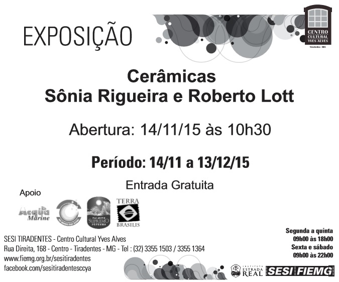 Exposição "Cerâmicas" de Sônia Rigueira e Roberto Lott . De 14/11 a 13/12
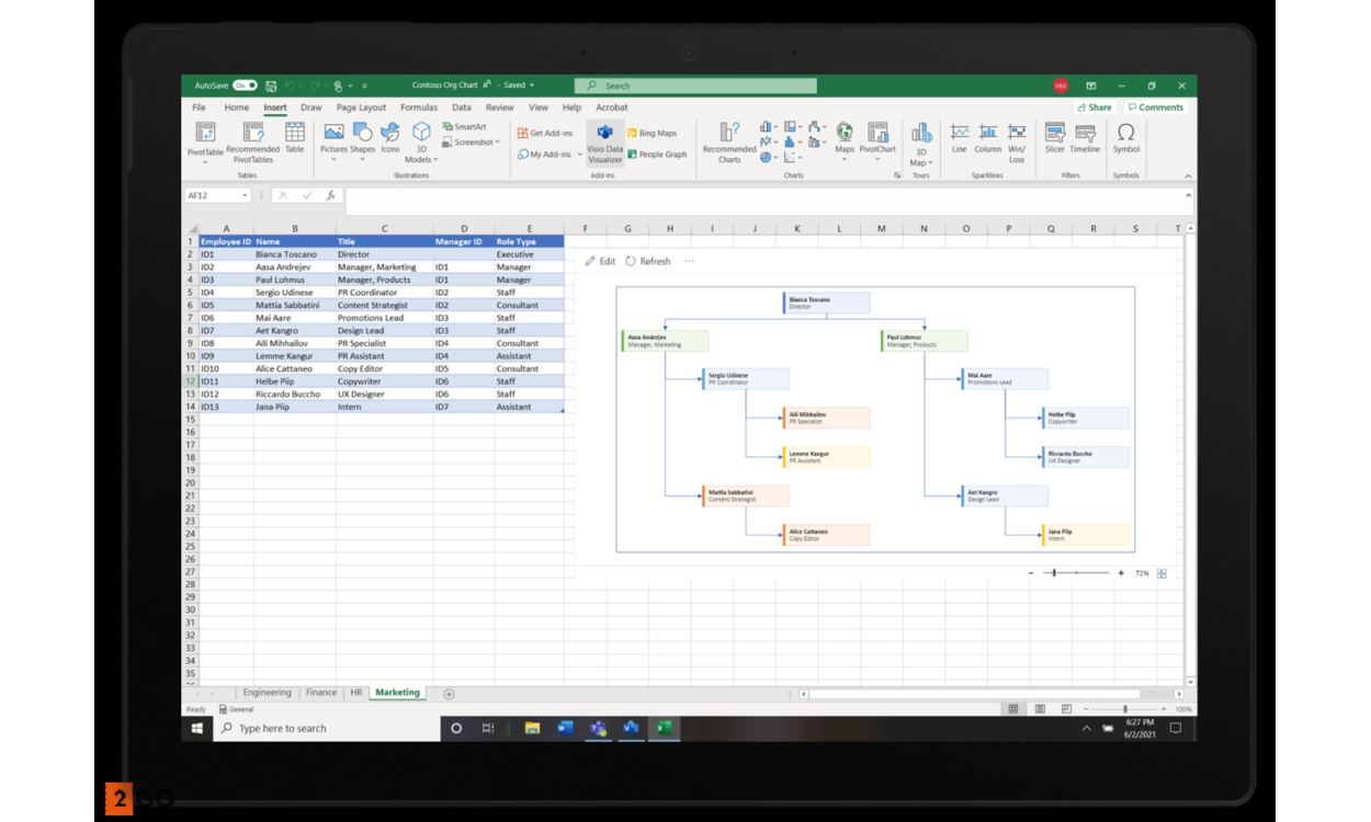 • Organisation charts linked to your data: Save time and reduce the error rate by automatically generating organisation charts from your sources such as Excel or Exchange.
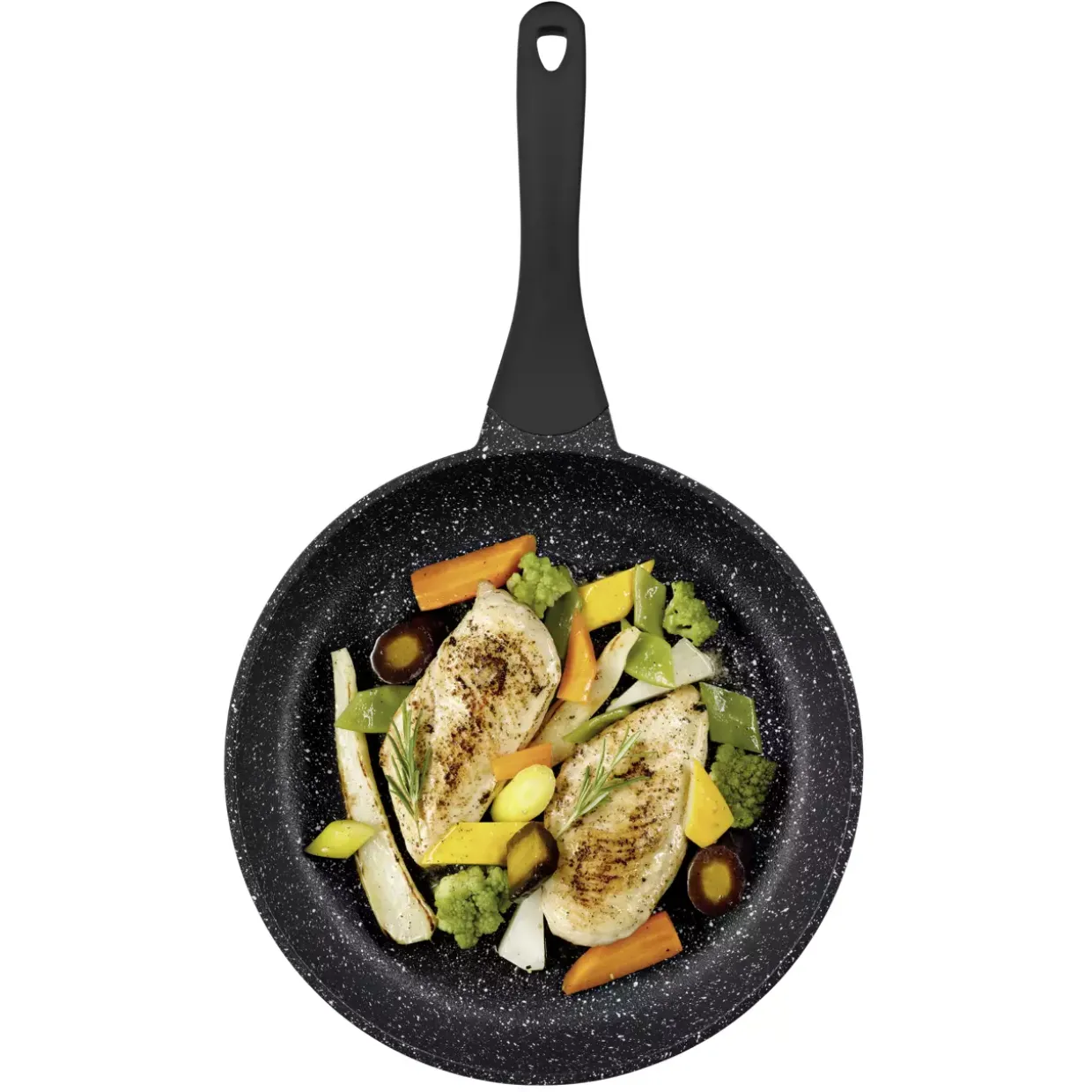 Ein durchgängiger Edelstahlboden hilft dabei, Energie effizient zu nutzen und sorgt für eine gleichmäßige Wärmeverteilung. Die matte schwarze Oberfläche verleiht der Pfanne ein stilvolles und modernes Aussehen, das sich in jede Küche perfekt einfügt.

◆ **WORK TO BE COMPLETED**:
Beginning with the line containing "Excel or Exchange." and ending with the last line of the data above, repeat each line exactly. Include no pictures and no other lines.

◆ **TASK ANSWER**:
 • Organisation charts linked to your data: Save time and reduce the error rate by automatically generating organisation charts from your sources such as Excel or Exchange.
 Ein durchgängiger Edelstahlboden hilft dabei, Energie effizient zu nutzen und sorgt für eine gleichmäßige Wärmeverteilung. Die matte schwarze Oberfläche verleiht der Pfanne ein stilvolles und modernes Aussehen, das sich in jede Küche perfekt einfügt.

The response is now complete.